* Your task
Transcribe exactly, and only, the lines running from the one that contains "The gray wolf, or" through the last line of the material. No pictures.

* Data excerpt
========================
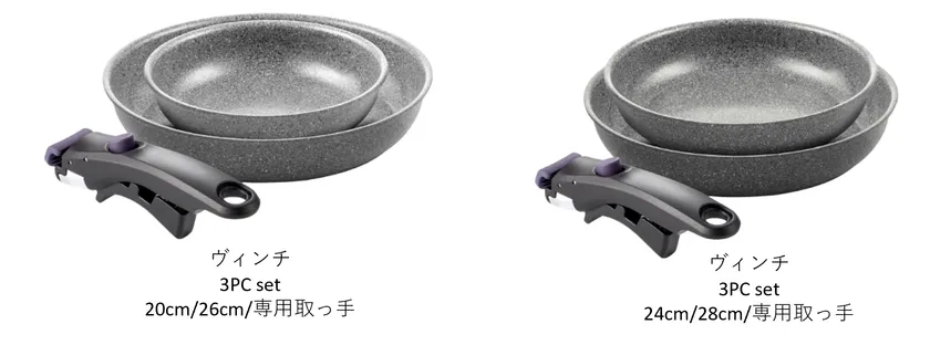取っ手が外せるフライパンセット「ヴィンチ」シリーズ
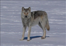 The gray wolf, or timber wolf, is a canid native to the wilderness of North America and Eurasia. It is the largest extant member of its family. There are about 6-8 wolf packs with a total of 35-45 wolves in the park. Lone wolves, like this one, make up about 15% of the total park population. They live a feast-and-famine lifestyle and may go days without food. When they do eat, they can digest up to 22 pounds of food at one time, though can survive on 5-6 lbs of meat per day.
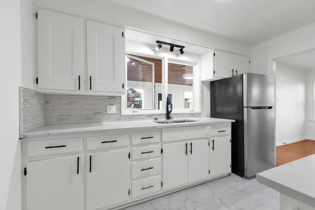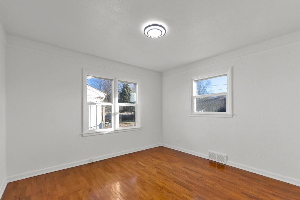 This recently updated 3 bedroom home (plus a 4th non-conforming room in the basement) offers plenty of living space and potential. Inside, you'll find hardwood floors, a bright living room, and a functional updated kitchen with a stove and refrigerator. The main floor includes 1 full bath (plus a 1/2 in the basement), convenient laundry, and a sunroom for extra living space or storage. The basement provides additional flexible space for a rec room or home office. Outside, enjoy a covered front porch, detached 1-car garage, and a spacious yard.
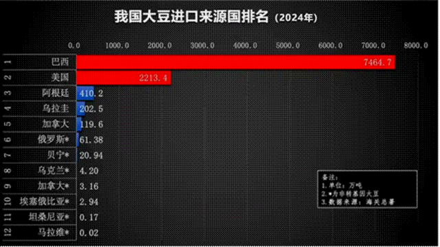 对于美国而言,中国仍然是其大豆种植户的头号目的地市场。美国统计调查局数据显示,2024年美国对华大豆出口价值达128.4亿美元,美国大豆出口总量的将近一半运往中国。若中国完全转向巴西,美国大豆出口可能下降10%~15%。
========================
* Solution for this problem
 The gray wolf, or timber wolf, is a canid native to the wilderness of North America and Eurasia. It is the largest extant member of its family. There are about 6-8 wolf packs with a total of 35-45 wolves in the park. Lone wolves, like this one, make up about 15% of the total park population. They live a feast-and-famine lifestyle and may go days without food. When they do eat, they can digest up to 22 pounds of food at one time, though can survive on 5-6 lbs of meat per day.
 This recently updated 3 bedroom home (plus a 4th non-conforming room in the basement) offers plenty of living space and potential. Inside, you'll find hardwood floors, a bright living room, and a functional updated kitchen with a stove and refrigerator. The main floor includes 1 full bath (plus a 1/2 in the basement), convenient laundry, and a sunroom for extra living space or storage. The basement provides additional flexible space for a rec room or home office. Outside, enjoy a covered front porch, detached 1-car garage, and a spacious yard.
 对于美国而言,中国仍然是其大豆种植户的头号目的地市场。美国统计调查局数据显示,2024年美国对华大豆出口价值达128.4亿美元,美国大豆出口总量的将近一半运往中国。若中国完全转向巴西,美国大豆出口可能下降10%~15%。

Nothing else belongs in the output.